An interpretable vocabulary of cell states.

Correlating the learned code embeddings blocks them into coherent lineages with no labels supplied, epithelium, stroma, endothelium, and the immune compartment separate on their own. Each code carries a stable expression signature you can read, name, and compare across tissues.

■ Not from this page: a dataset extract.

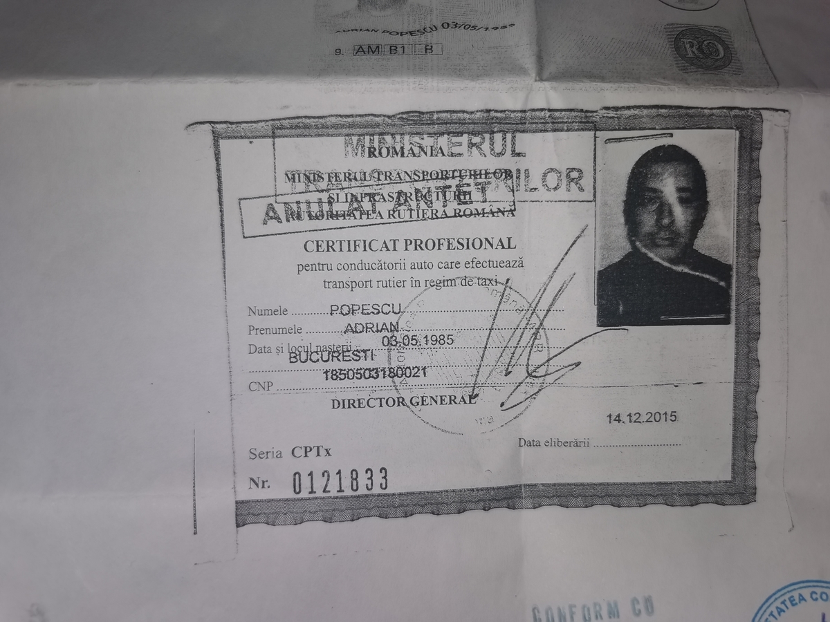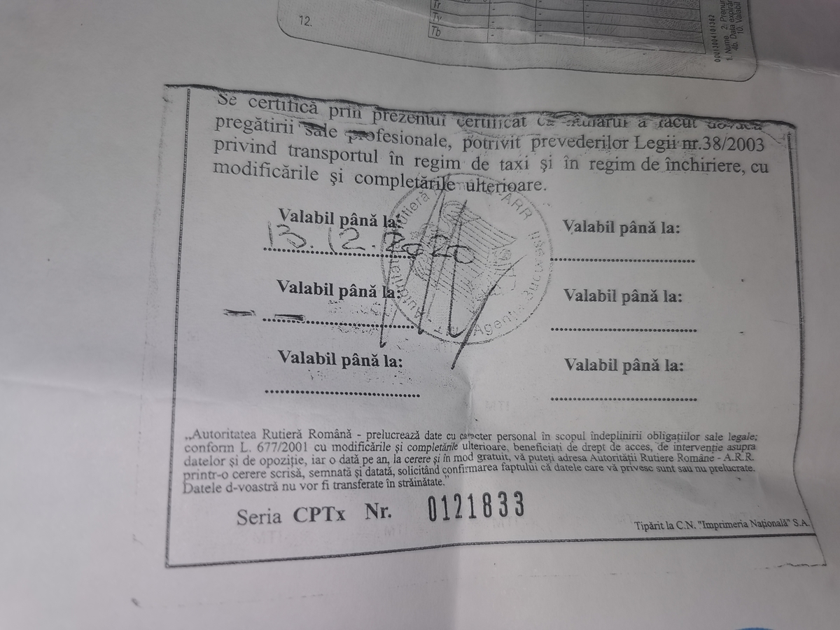 Atestat taxi pierdut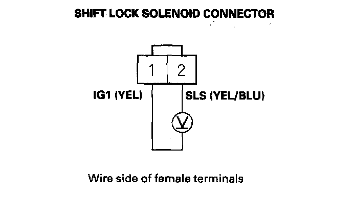 8. Measure the voltage between shift lock solenoid connector terminals No. 1 and No. 2 while pressing the brake pedal.

Hierarchically clustered correlation of the 256 cell-state codes, colored by dominant cell type

Explore the atlases mapped in the nicheverse

Read across 381 independent samples from 102 datasets and every accessible platform, Xenium, CosMx, MERFISH, seqFISH, RIBOmap, EEL-FISH. Every cell is painted by the lineage of the cell-state code the model assigns it.

Browse all samples

NICHEVERSE

Neighborhood-Inferred Cell type HiErarchical annotation + VEctor-quantized Representations of Spatial Ecotypes

The released NICHEVERSE checkpoint, frozen and never retrained, learns paired discrete codebooks of recurrent cell states and multicellular spatial niches from imaging-based spatial transcriptomics, and reads any cohort reproducibly.

Hierarchical codebooks

Paired cell-state and spatial-niche codebooks coupled by cross-attention, so cell identity is read in tissue context.

Swappable components

Encoder registry: mlp_deep (default), mlp, mlp_plr, residual_mlp, transformer, cnn, fast_cnn, deep_cnn, gnn, diffusion, dit, set_transformer, perceiver_io, soft_moe, ft_transformer. Quantizer registry: vq (default), rvq, grvq, pq, qinco, rot, soft, bsq, lfq, fsq, residual_fsq.

Spatial-aware

Per-sample graphs (knn, knn_radius, radius, delaunay, alpha_complex, gabriel, rng), inverse-distance aggregation, and opt-in spatial-coherence losses.

Reproducible

Byte-exact reproduction of the published renal cell carcinoma and brain-metastasis model, guarded by a regression test.

PyTorch-native

A Trainer, checkpoints, mixed precision, warmup-cosine scheduling, and MAE pretraining.

Install

pip install nicheverse       # or: conda install -c conda-forge nicheverse

Quickstart

import nicheverse as nv

adata = nv.read_xenium_cohort(["./run_A", "./run_B"])
mc = nv.ModelConfig(input_dim=adata.n_vars, gene_names=tuple(adata.var_names))
model, adata = nv.Trainer(nv.TrainConfig(num_epochs=300)).fit(adata, "./ckpt", model_config=mc)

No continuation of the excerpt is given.